His grandmother, Lorraine Mason of Oakland, Md., is also going, although she is paying for her own train ticket.

Most people fly to Orlando, Fla., but Cody and his family are taking the Amtrak Auto Train from Lorton, Va., because his mother is afraid to fly.

They left Hagerstown in style about noon Friday with a police escort.

"Our goal is, other than packing the suitcases, they don't have to worry about anything," Jennings said.

Area businesses have donated perks to make the trip even more special. The night Jennings brought them their tickets, Crazy Horse Restaurant donated dinner.

Their van has a fresh oil change and AAA donated a one-week membership in case anything goes wrong.

"They have thought of everything and done everything," Susan Newton said.

When they get to Disney World, Cody won't have to wait in any lines.

"They're treated like VIPs," Jennings said.

Cody wants to go to Sea World as well as Disney's Epcot Center and the new Wild Kingdom.

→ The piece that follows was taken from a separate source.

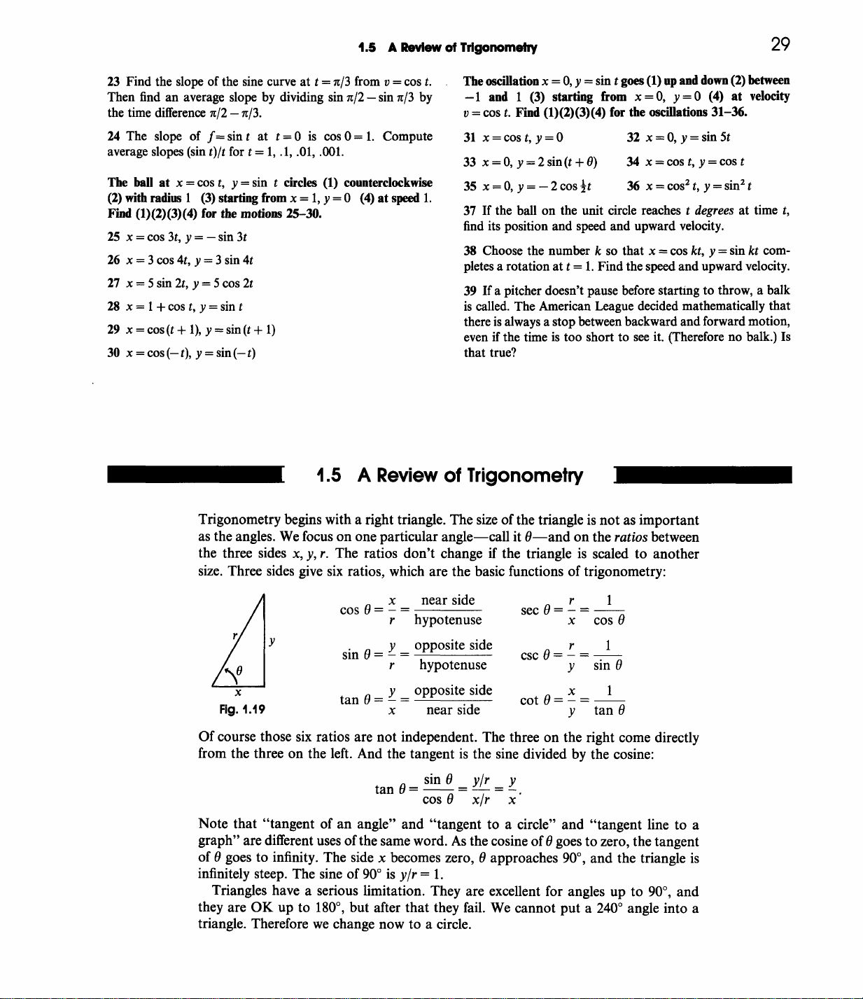 23 Find the slope of the sine curve at t = 4 3 from v = cos t. The oscillation x = 0, y = sin t goes (1)up and down (2)between Then find an average slope by dividing sin n/2 -sin 4 3 by -1 and 1 (3) starting from x = 0, y = 0 (4) at velocity the time difference 4 2 -43. v = cos t. Find (1)(2)(3)(4) for the oscillations 31-36. 24 The slope of f = sin t at t = 0 is cos 0 = 1. Compute 31 x=cost, y=O 32 x = 0, y = sin 5t average slopes (sin t)/t for t = 1, .l, .01, .001. 33 x=O, y=2sin(t+O) 34 x=cost, y=cost The ball at x = cos t, y = sin t circles (1) counterclockwise 35 x=O, y=-2cos i t 36 x=cos2t, y=sin2t (2)with radius 1 (3)starting from x = 1, y = 0 (4)at speed 1. Find (1)(2)(3)(4) for the motions 25-30. 37 If the ball on the unit circle reaches t degrees at time t, find its position and speed and upward velocity. 25 x=cos3t, y=-sin3t 38 Choose the number k so that x = cos kt, y = sin kt com- 26 x = 3 cos 4t, y = 3 sin 4t pletes a rotation at t = 1. Find the speed and upward velocity. 27 x = 5 sin 2t, y = 5 cos 2t 39 If a pitcher doesn't pause before starting to throw, a balk is called. The American League decided mathematically that there is always a stop between backward and forward motion, even if the time is too short to see it. (Therefore no balk.) Is 30 x =cos (- t), y = sin (- t) that true? 1.5 A Review of Trigonometry Trigonometry begins with a right triangle. The size of the triangle is not as important as the angles. We focus on one particular angle-call it 8-and on the ratios between the three sides x, y, r. The ratios don't change if the triangle is scaled to another size. Three sides give six ratios, which are the basic functions of trigonometry: n r 1 cos 8 = - x = near side set 8 = - = - r hypo tenuse x cos 8 sin 8 = - y = opposite side csc 8 = -r = -1 r hypotenuse y sin 8R X I y y opposite side x 1 tan 8 = - = cot g = - = - Fig. 1.19 x near side y tan 8 Of course those six ratios are not independent. The three on the right come directly from the three on the left. And the tangent is the sine divided by the cosine: Note that "tangent of an angle" and "tangent to a circle" and "tangent line to a graph" are different uses of the same word. As the cosine of 8 goes to zero, the tangent of 8 goes to infinity. The side x becomes zero, 8 approaches 90", and the triangle is infinitely steep. The sine of 90" is y/r = 1. Triangles have a serious limitation. They are excellent for angles up to 90°, and they are OK up to 180", but after that they fail. We cannot put a 240" angle into a triangle. Therefore we change now to a circle. 1 Introduction to Calculus Fig. 1.20 Trigonometry on a circle. Compare 2 sin 8 with sin 28 and tan 8 (periods 2n, n, n). Angles are measured from the positive x axis (counterclockwise). Thus 90" is straight up, 180" is to the left, and 360" is in the same direction as 0". (Then 450" is the same as 90°.) Each angle yields a point on the circle of radius r. The coordinates x and y of that point can be negative (but never r). As the point goes around the circle, the six ratios cos 8, sin 9, tan 8, .. . trace out six graphs. The cosine waveform is the same as the sine waveform-just shifted by 90". One more change comes with the move to a circle. Degrees are out. Radians are in. The distance around the whole circle is 2nr. The distance around to other points is Or. We measure the angle by that multiple 8. For a half-circle the distance is m, so the angle is n radians-which is 180". A quarter-circle is 4 2 radians or 90". The distance around to angle 8 is r times 8. When r = 1 this is the ultimate in simplicity: The distance is 8. A 45" angle is Q of a circle and 27118 radians-and the length of the circular arc is 27~18.Similarly for 1": 360" = 2n radians 1" = 27~1360radians 1 radian = 3601271 degrees. An angle going clockwise is negative. The angle -n /3 is -60" and takes us 4of the wrong way around the circle. What is the effect on the six functions? Certainly the radius r is not changed when we go to -8. Also x is not changed (see Figure 1.20a). But y reverses sign, because -8 is below the axis when +8 is above. This change in y affects y/r and y / x but not xlr: The cosine is even (no change). The sine and tangent are odd (change sign). The same point is 2 of the right way around. Therefore 2 of 2n radians (or 300") gives the same direction as -n /3 radians or -60". A diflerence of 2n makes no di$erence to x , y, r. Thus sin 8 and cos 8 and the other four functions have period 27~. We can go five times or a hundred times around the circle, adding 10n or 200n to the angle, and the six functions repeat themselves. EXAMPLE Evaluate the six trigonometric functions at 8 = 2n/3 (or 8 = -4 4 3 ) . This angle is shown in Figure 1.20a (where r = 1). The ratios are cos 8 = x/r = -1/2 sin 8 = y/r = &/2 tan 8 = y /x = -& sec e = - 2 csc e = 2/& cot e = -i/d Those numbers illustrate basic facts about the sizes of four functions: The tangent and cotangent can fall anywhere, as long as cot 8 = l/tan 8. 1.5 A Review of Ttlgonometry The numbers reveal more. The tangent -3 is the ratio of sine to cosine. The secant -2 is l/cos 8. Their squares are 3 and 4 (differing by 1). That may not seem remarkable, but it is. There are three relationships in the squares of those six numbers, and they are the key identities of trigonometry: Everything flows fvom the Pythagoras formula x2 + y2 = r2. Dividing by r2 gives ( ~ / r ) ~+ (y/r)2= 1. That is cos2 8+ sin28= 1. Dividing by x2 gives the second identity, which is 1 + ( y / ~ ) ~ Dividing by y2 gives the third. All three will be needed = ( r / ~ ) ~ . throughout the book-and the first one has to be unforgettable. DISTANCES AND ADDITION FORMULAS To compute the distance between points we stay with Pythagoras. The points are in Figure 1.21a. They are known by their x and y coordinates, and d is the distance between them. The third point completes a right triangle. For the x distance along the bottom we don't need help. It is x, - xl (or

A trip to Disney World is the most popular wish. Other children ask for gifts like a new personal computer or to meet their heroes, said Make-A-Wish spokesman Michael Graber.

As the trip got closer, Cody got more wound up about the trip. He seemed to be enjoying all the attention.

"I'm a superstar," he said.

Cody, who just finished third grade at Pangborn Elementary, doesn't let his wheelchair stop him from doing things like playing baseball or bowling.

"I'm going for a walk, mom," Cody says, and tools down a side street in his powered wheelchair.

His wheelchair got serviced Friday morning, except it still doesn't have the extra power Cody keeps requesting.

"I want it geared up," he said.

Cody has used a wheelchair for about a year.

He has Duchenne muscular dystrophy, the most common form of the disease in children and one of the most deadly. Life expectancy is in the teens to early 20s.

Susan Newton said she wanted Cody to go to Disney World while he is well enough to enjoy himself.

"He's so healthy and beautiful and it's not going to always be that way," she said.